→ THE PROBLEM
If an entry holds a picture, drop the picture and restate the rest word for word.

→ PROVIDED INFORMATION
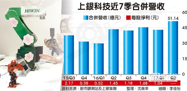 上銀三大主力商品滾珠絲桿、直線導(dǎo)軌及機器人,因全球力推工業(yè)4.0,對智慧自動化設(shè)備需求殷切,智慧自動化需要用到滾珠絲桿及直線導(dǎo)軌等關(guān)鍵零組件,加上全球景氣逐步回升,尤其今年大陸、歐洲及日本等地市場需求持續(xù)成長,帶旺6月合并營收攀升至17.71億元,年增加14.55%,續(xù)創(chuàng)單月營收新高;第2季合并營收51.14億元,年增18.15%,創(chuàng)單季營收高;上半年合并營收高達94.02億,也創(chuàng)同期新高,表現(xiàn)優(yōu)于市場預(yù)期。
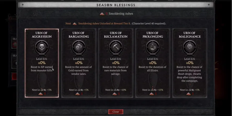 Тлеющий пепел зарабатывается в определенных точках бесплатного Боевого пропуска, и его можно использовать для улучшения Сезонных бонусов. Эти сезонные бонусы активны для всех сезонных персонажей и включают постоянные бонусы к получению XP, золота, материалов, продолжительности действия эликсира и шансу выпадения злокачественного сердца. Система ограничена уровнем, фактически, первый Пепел можно потратить только на 40-м уровне, так что это не то, что игроки могут сделать с самого начала.
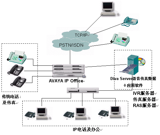 針對現(xiàn)代企業(yè)辦公通信的特點和要求,Avaya與Eicon經(jīng)過嚴格的產(chǎn)品互操作測試,及應用調(diào)試共同推出了企業(yè)一體化辦公平臺解決方案,該解決方案整合了兩家公司的交換機、語音傳真板卡的各自優(yōu)勢,既可以應用于傳統(tǒng)的網(wǎng)絡環(huán)境,又能應用于純IP的通信環(huán)境,將不同的應用技術和網(wǎng)絡結(jié)合起來,做到真正的辦公一體化。
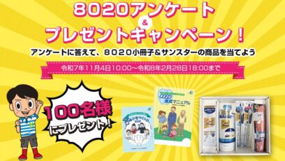 8020推進財団‐8020アンケート・プレゼントキャンペーン 賞品:8020小冊子&サンスターの商品(100名様) 締切:2026年2月28日(土)18:00 アンケ...
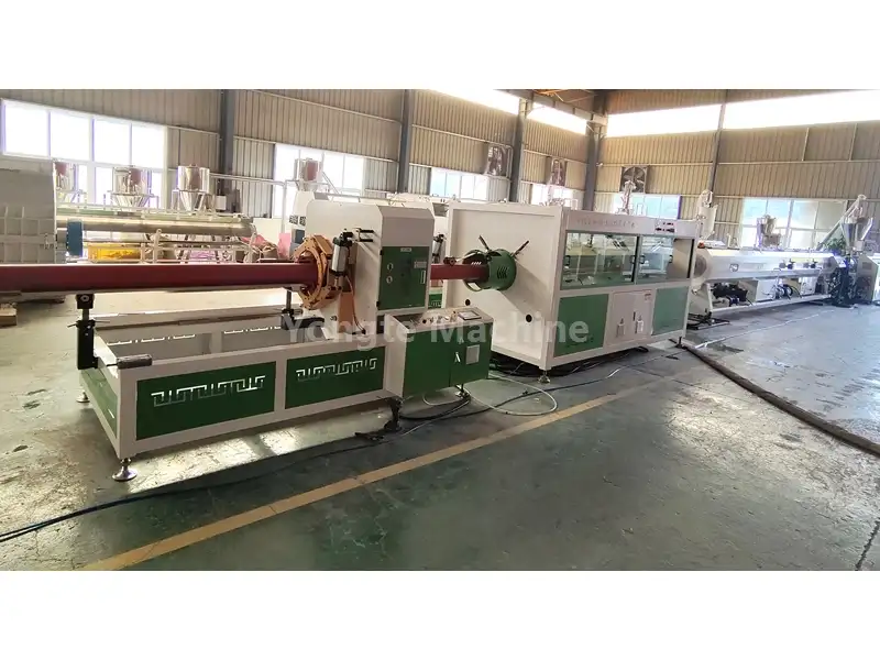 मशिन मल्टी-कॅटरपिलर ड्राइव्ह सिस्टीमसह सज्ज आहे, ज्यामध्ये उच्च-परिशुद्धता सर्वो मोटर्स आणि दुहेरी-स्टेज टॉर्क-ॲम्प्लीफायिंग गिअरबॉक्स समाविष्ट आहे. हे कॉन्फिगरेशन पीव्हीसी पाईप्सचे स्थिर एक्सट्रूझन सुनिश्चित करते, ज्यामुळे संपूर्ण उत्पादन प्रक्रियेत अचूक मितीय अचूकता राखली जाते.
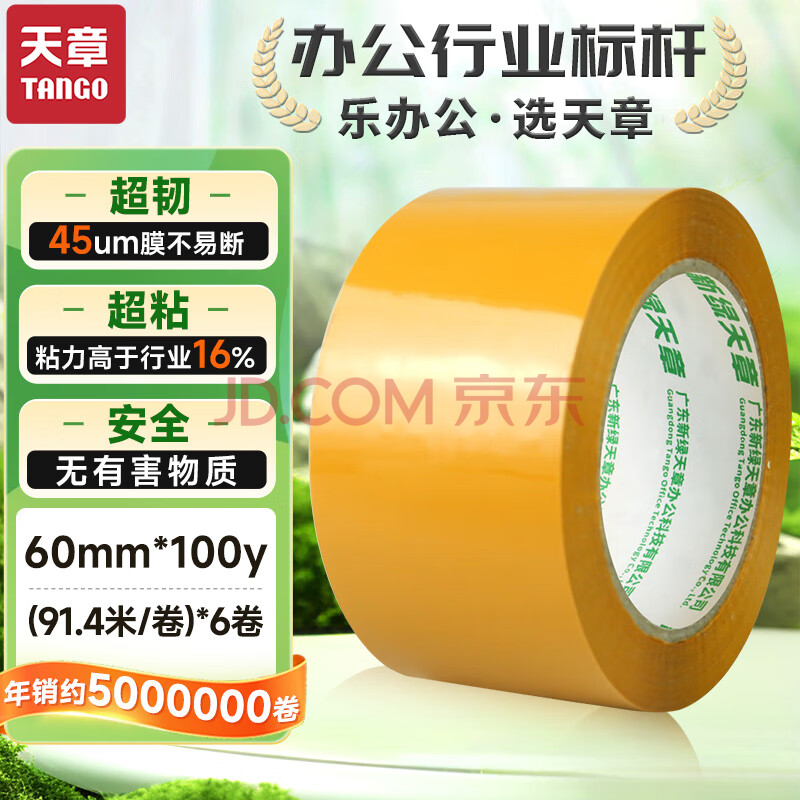 商品相册:天章(TANGO)米黄色胶带60mm*100Y*(91.4米/卷)*6卷高品质胶黄宽胶带封箱车间仓库打包防台风专用第
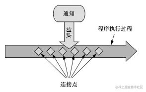 描述切面的常用术语有通知(advice)、切点(pointcut)和连接点(join point)。下图展示了在一个或多个连接点上,可以把切面的功能(通知)植入到程序的执行过程中。
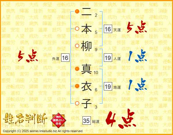 あなたの人生を表す1番重要な運勢です。生涯を通じて影響する総合運となり、主に50歳以降の晩年期に影響を及ぼします。苗字と名前の合計画数。
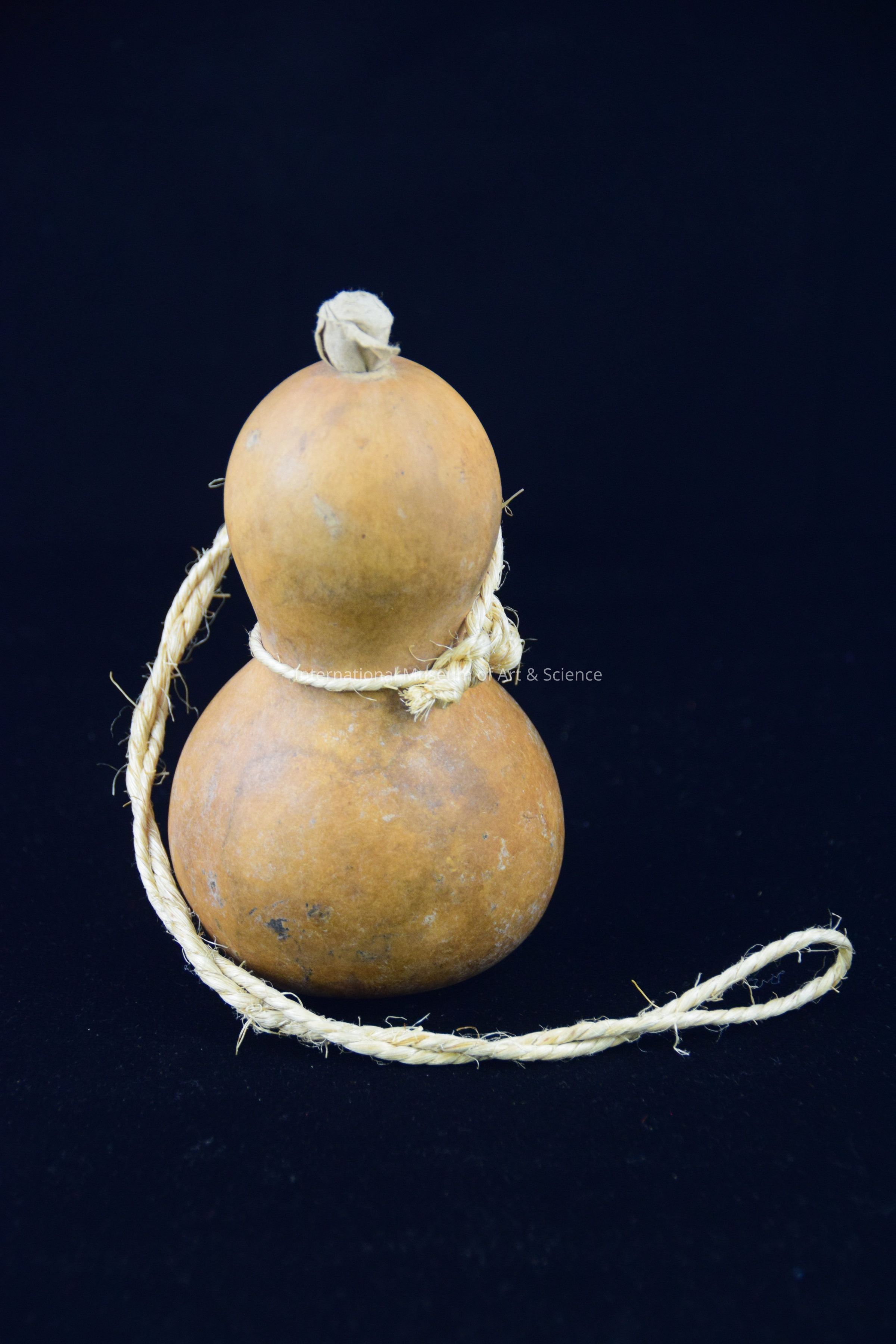 A gourd jug. The jug is made of natural gourd. There is an ixtle rope tied around the short neck for carrying. The jug has a small spherical head and larger spherical body, with a short neck in between. There is a hole carved on top and paper used as stopper is inserted.Artwork Details
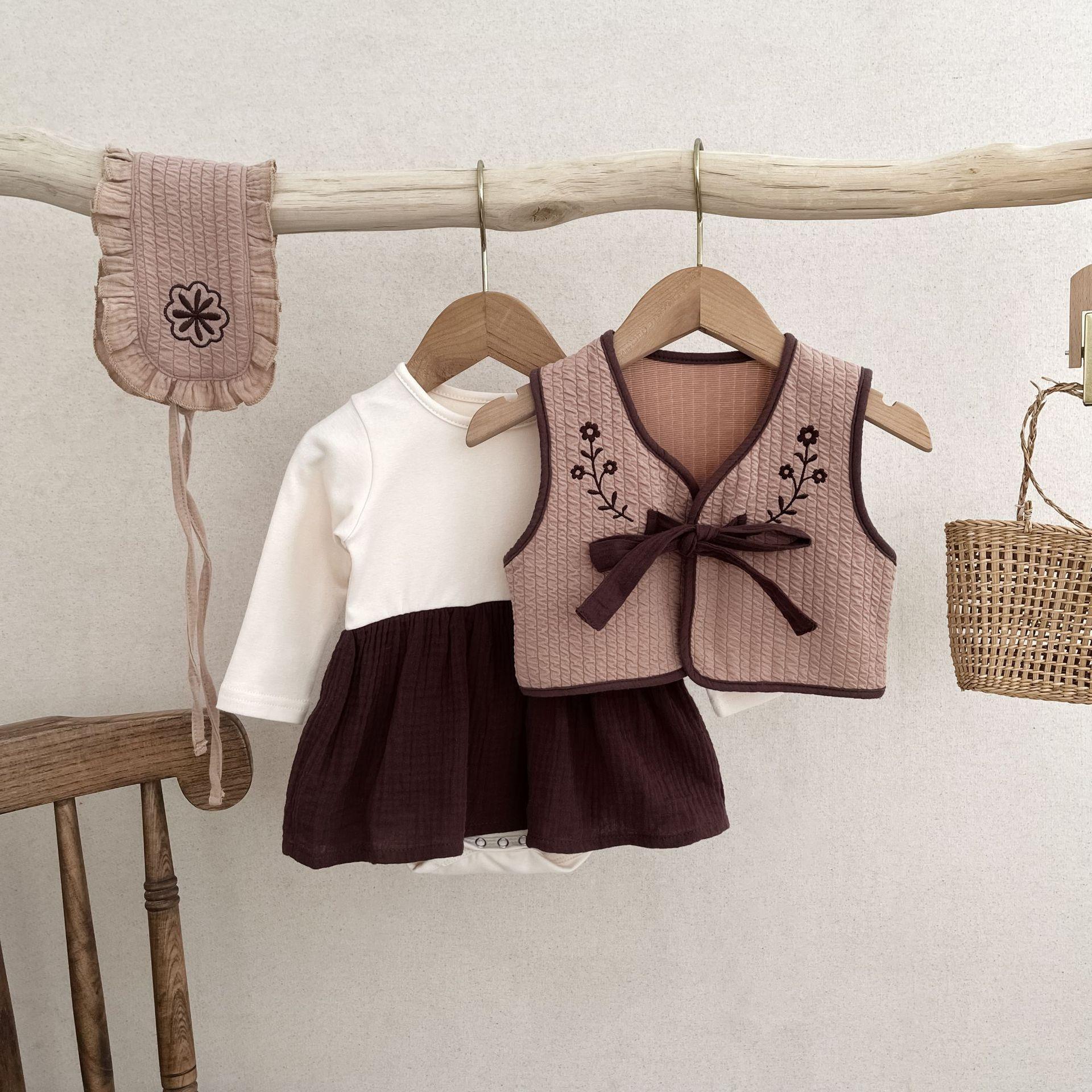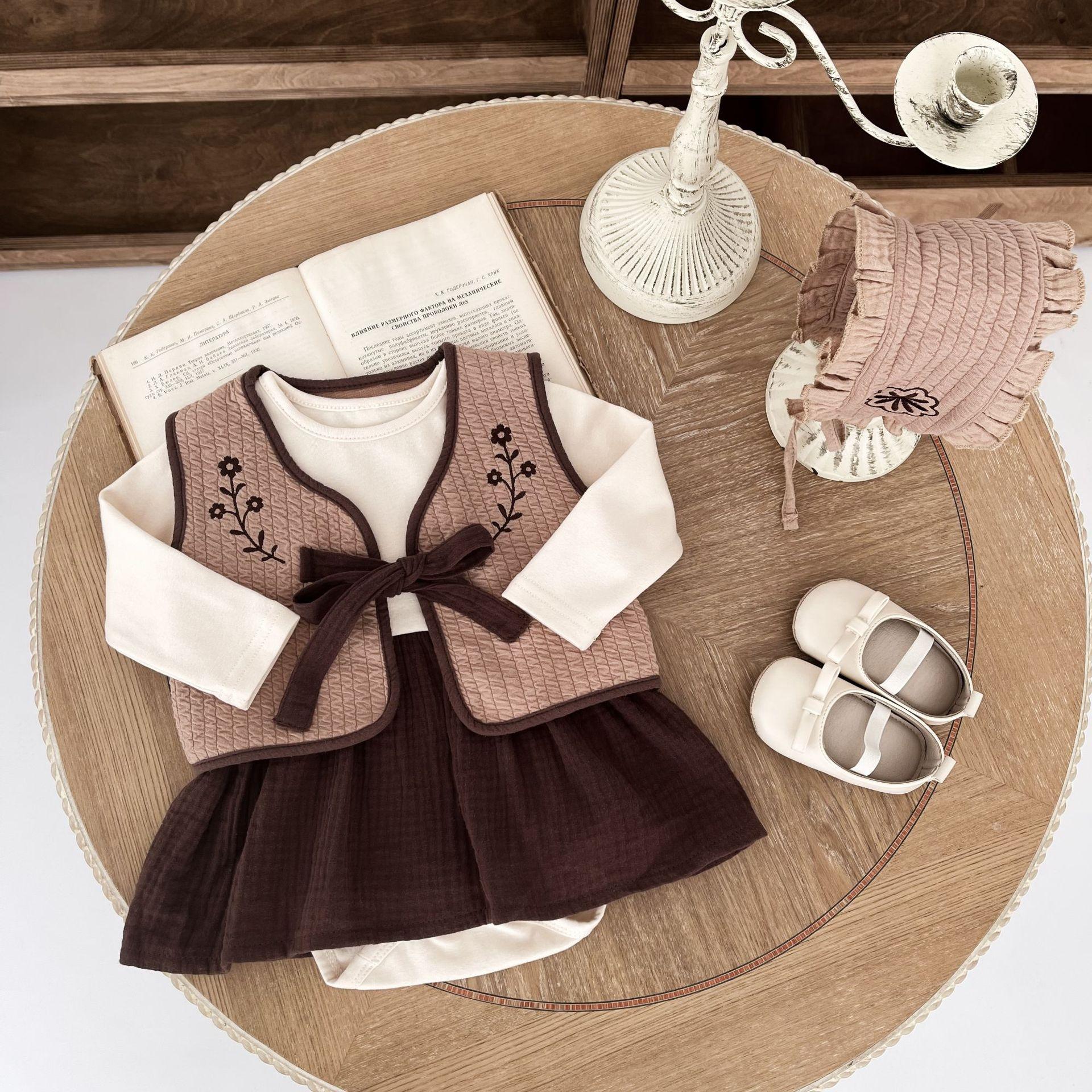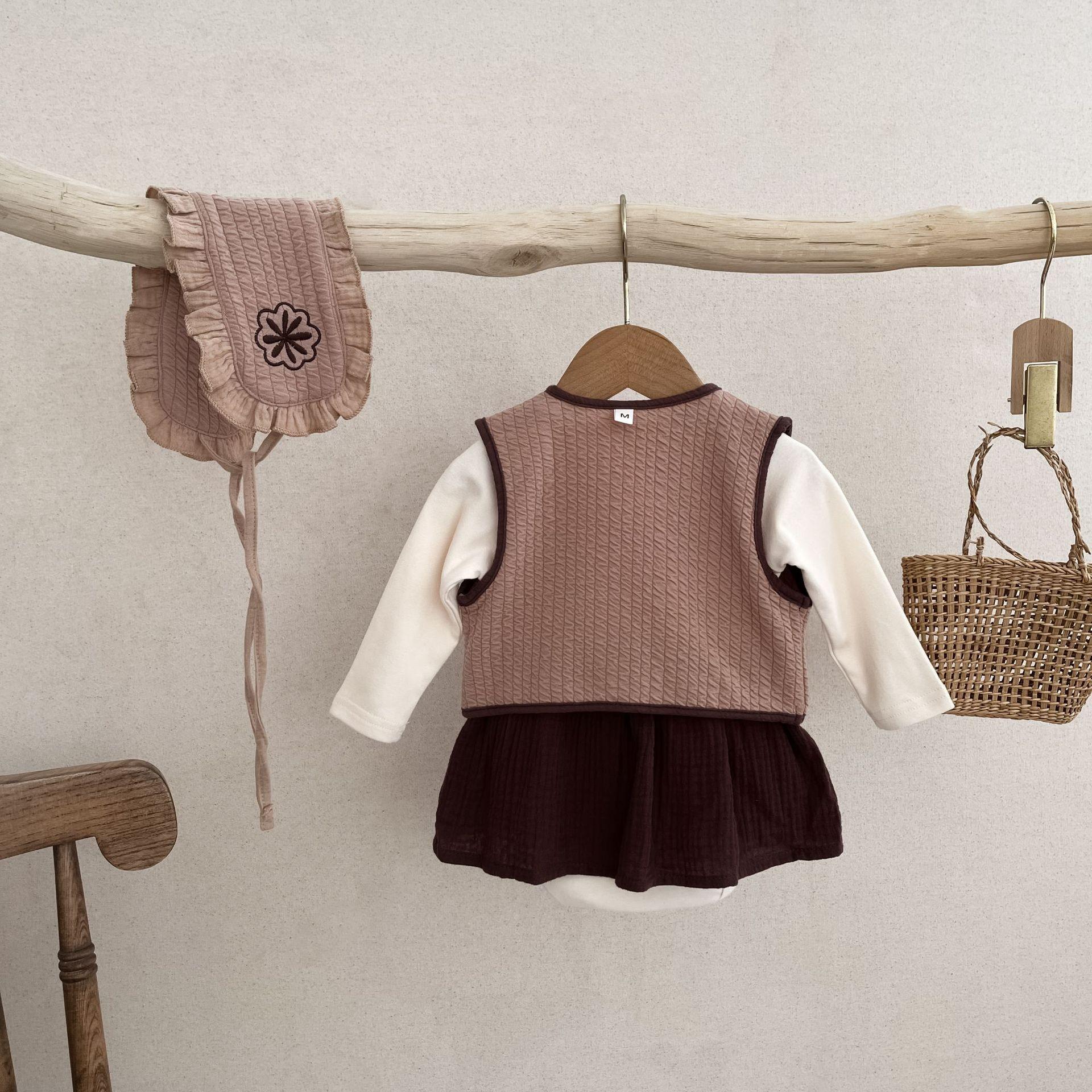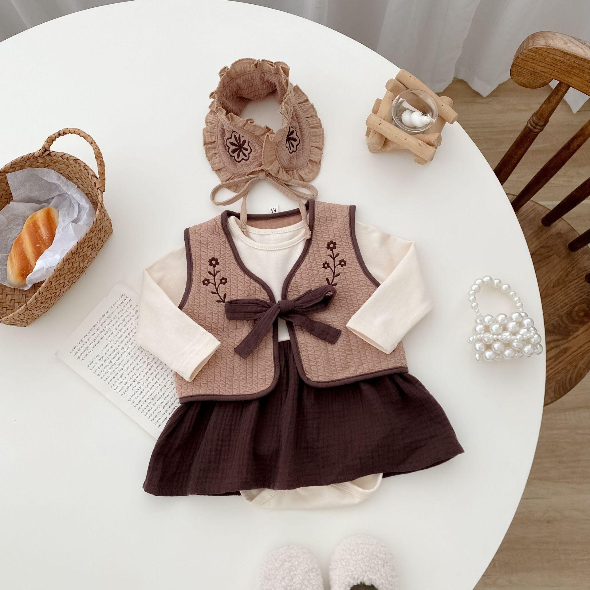25 otoño nuevo traje de mameluco coreano para bebé ins ropa de bebé de tres piezas bolsa para bebé otoño ropa para pedos

→ EXERCISE RESULT
 上銀三大主力商品滾珠絲桿、直線導(dǎo)軌及機器人,因全球力推工業(yè)4.0,對智慧自動化設(shè)備需求殷切,智慧自動化需要用到滾珠絲桿及直線導(dǎo)軌等關(guān)鍵零組件,加上全球景氣逐步回升,尤其今年大陸、歐洲及日本等地市場需求持續(xù)成長,帶旺6月合并營收攀升至17.71億元,年增加14.55%,續(xù)創(chuàng)單月營收新高;第2季合并營收51.14億元,年增18.15%,創(chuàng)單季營收高;上半年合并營收高達94.02億,也創(chuàng)同期新高,表現(xiàn)優(yōu)于市場預(yù)期。
 Тлеющий пепел зарабатывается в определенных точках бесплатного Боевого пропуска, и его можно использовать для улучшения Сезонных бонусов. Эти сезонные бонусы активны для всех сезонных персонажей и включают постоянные бонусы к получению XP, золота, материалов, продолжительности действия эликсира и шансу выпадения злокачественного сердца. Система ограничена уровнем, фактически, первый Пепел можно потратить только на 40-м уровне, так что это не то, что игроки могут сделать с самого начала.
 針對現(xiàn)代企業(yè)辦公通信的特點和要求,Avaya與Eicon經(jīng)過嚴格的產(chǎn)品互操作測試,及應用調(diào)試共同推出了企業(yè)一體化辦公平臺解決方案,該解決方案整合了兩家公司的交換機、語音傳真板卡的各自優(yōu)勢,既可以應用于傳統(tǒng)的網(wǎng)絡環(huán)境,又能應用于純IP的通信環(huán)境,將不同的應用技術和網(wǎng)絡結(jié)合起來,做到真正的辦公一體化。
 8020推進財団‐8020アンケート・プレゼントキャンペーン 賞品:8020小冊子&サンスターの商品(100名様) 締切:2026年2月28日(土)18:00 アンケ...
 मशिन मल्टी-कॅटरपिलर ड्राइव्ह सिस्टीमसह सज्ज आहे, ज्यामध्ये उच्च-परिशुद्धता सर्वो मोटर्स आणि दुहेरी-स्टेज टॉर्क-ॲम्प्लीफायिंग गिअरबॉक्स समाविष्ट आहे. हे कॉन्फिगरेशन पीव्हीसी पाईप्सचे स्थिर एक्सट्रूझन सुनिश्चित करते, ज्यामुळे संपूर्ण उत्पादन प्रक्रियेत अचूक मितीय अचूकता राखली जाते.
 商品相册:天章(TANGO)米黄色胶带60mm*100Y*(91.4米/卷)*6卷高品质胶黄宽胶带封箱车间仓库打包防台风专用第
 描述切面的常用术语有通知(advice)、切点(pointcut)和连接点(join point)。下图展示了在一个或多个连接点上,可以把切面的功能(通知)植入到程序的执行过程中。
 あなたの人生を表す1番重要な運勢です。生涯を通じて影響する総合運となり、主に50歳以降の晩年期に影響を及ぼします。苗字と名前の合計画数。
 A gourd jug. The jug is made of natural gourd. There is an ixtle rope tied around the short neck for carrying. The jug has a small spherical head and larger spherical body, with a short neck in between. There is a hole carved on top and paper used as stopper is inserted.Artwork Details
25 otoño nuevo traje de mameluco coreano para bebé ins ropa de bebé de tres piezas bolsa para bebé otoño ropa para pedos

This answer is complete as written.